See sequence feature piRNA_cluster_flamenco.
The proportion of normally copulating males is reduced in flam mutants compared to wild type. This reduction is due to changes in male behaviour. The proportion of males that perform consecutive courtship stages is significantly lower than in wild type. The sequence and duration of some courtship stages (in particular, orientation and wing vibration) is altered in mutant flies.
Cell lines carrying the permissive flam1 allele accumulate many nuclear virus-like particles, cytoplasmic dense particles and cisternae filled with fibrous material. Two of three such cell lines have an increased copy number of the gypsy element.
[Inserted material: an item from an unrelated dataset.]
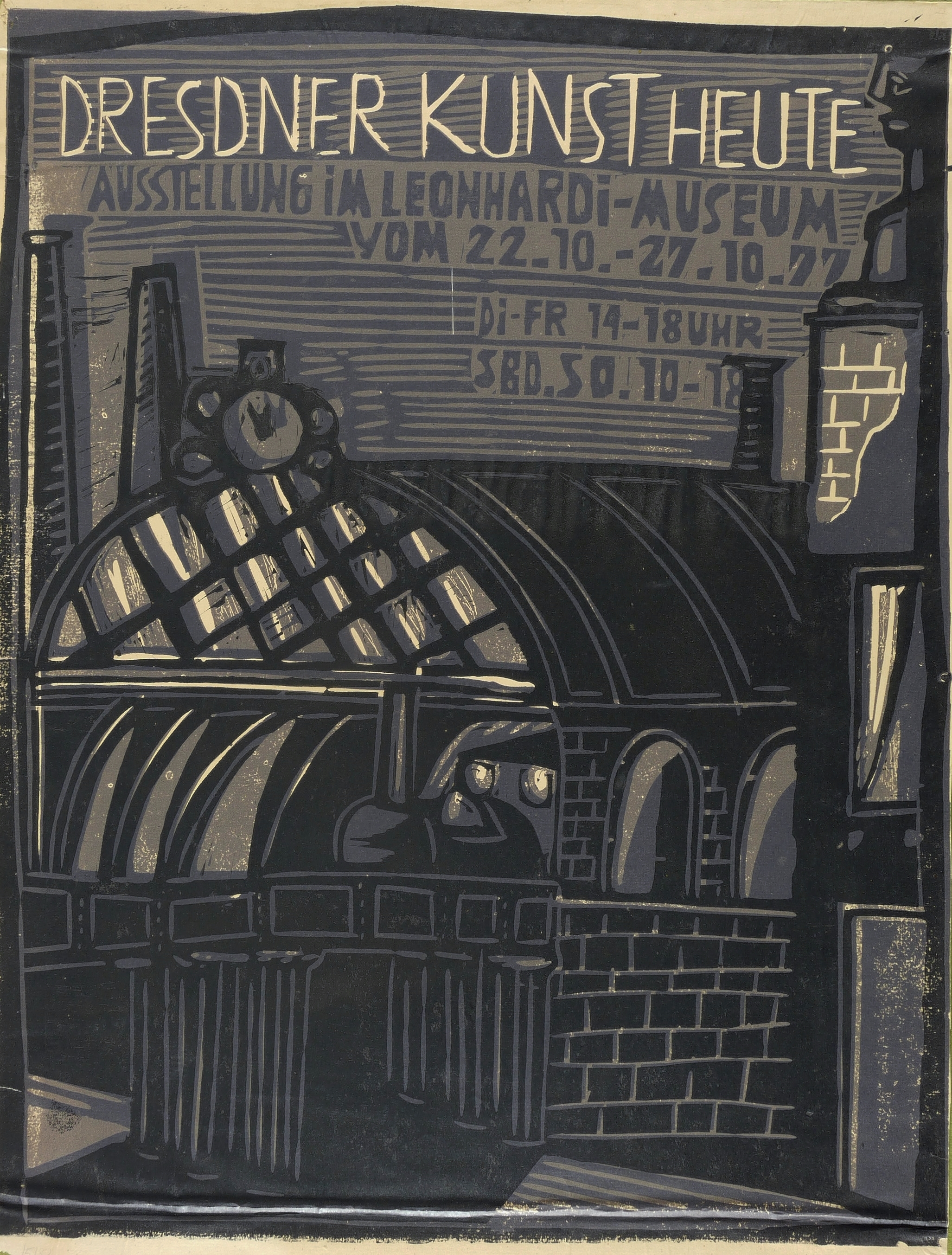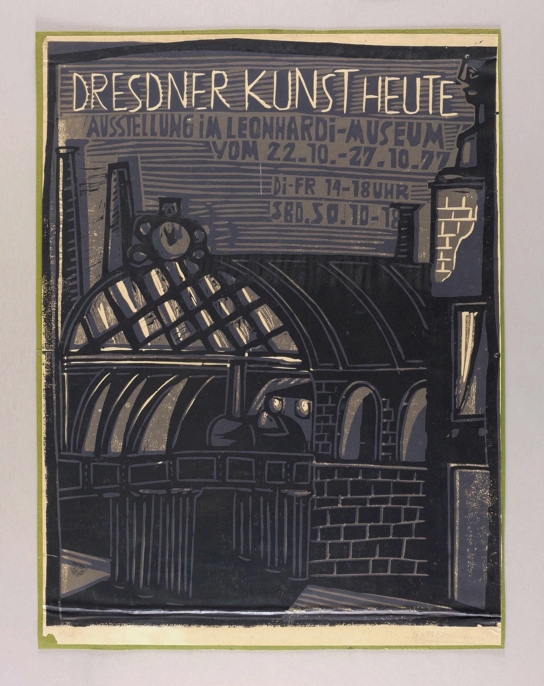 Rechts unten in Bleistift signiert und datiert: ″14.X.77 P. Herrmann″. Links Auflagenbezeichnung: ″15/32″. – Originalgrafisches Künstlerplakat zur Ausstellung ″Dresdner Kunst heute″ im Leonhardimuseum in Dresden 22.10.-27.10.1977. – Provenienz: Sammlung Gerlint und Gert Söder, Dresden. – Alt auf farbigem Trägerkarton aufgezogen. Blattecke links unten mit leichtem Materialverlust. Insgesamt noch guter Zustand.
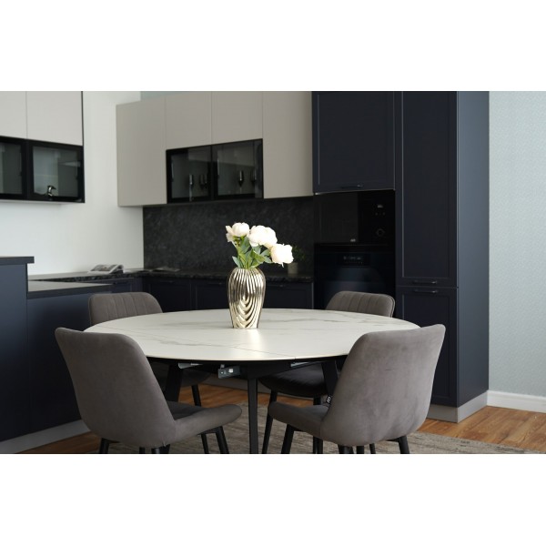 Материалы: столешница из керамогранита на металлическом основании. Поверхность устойчива к царапинам, перепадам температур и воздействию влаги. Керамогранит не требует сложного ухода и сохраняет эстетичный вид в течение многих лет.

The expression of gypsy encoded proteins is analysed to explore how gypsy is transmitted between generations. Assembly of gypsy particles is visualised in the follicle cells of flam females by electron microscopy, these observations provide the basis for a novel model to explain how gypsy is transmitted from generation to generation. gypsy virions appear to move through the perivitelline space during a brief developmental window and infect the oocyte, providing a mechanism to explain gypsy insertion in the next generation.
gypsy can be transmitted from flam strains in which it transposes to strains devoid of functional elements by egg plasm transfer or growing "empty" larvae in the presence of homogenized pupae of the flam stock. Transposition of gypsy occurs only in the progeny of females homozygous for permissive alleles of flam, where gypsy transcripts are restricted to the somatic follicle cells in the ovaries. Infectious particles which then infect the oocyte are apparently produced in these cells.
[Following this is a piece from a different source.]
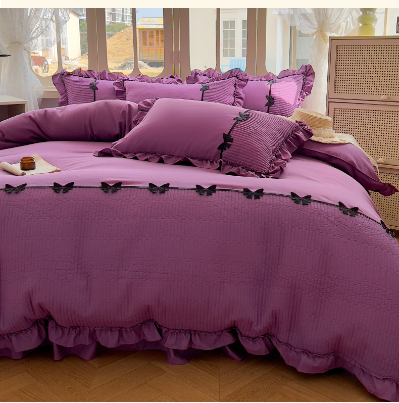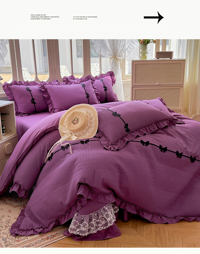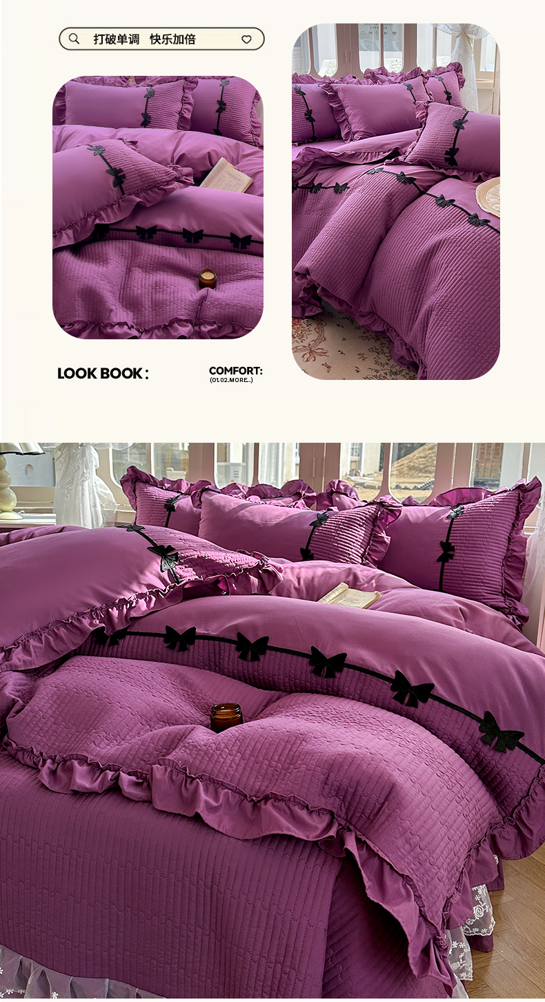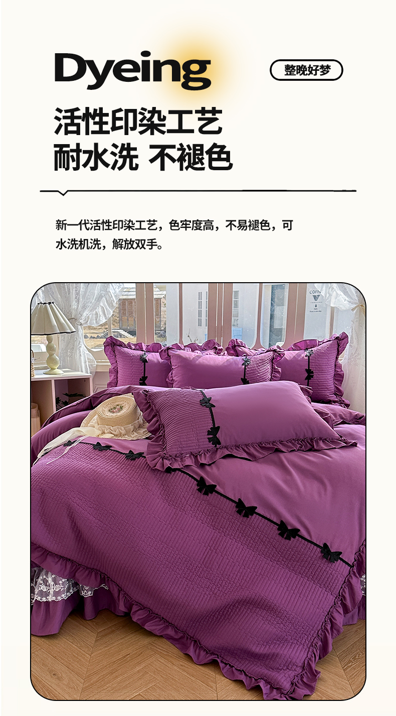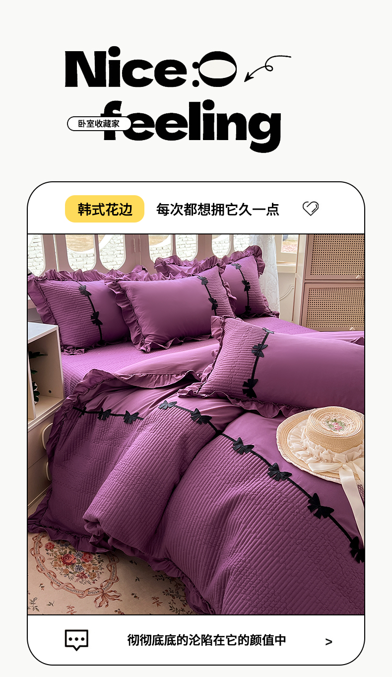当前位置: 91家纺网 > 商品网购 > 床品套件 > 四件套 > 化纤活性四件套 > 芭比蔓家纺 2026新款床盖款四件套-真爱系列 床盖款真爱系列-紫色

Production of the gypsy\env message and corresponding protein is strongly repressed by one copy of the non-permissive allele of flam, flamN. A less dramatic reduction in the accumulation of other transcripts and retrotranscripts is also observed. These effects correlate with the inhibition of gypsy transposition in the progeny of these females and is likely to be responsible for this phenomenon. The effects of flam on gypsy\env expression are restricted to the somatic follicle cells that surround the maternal germline.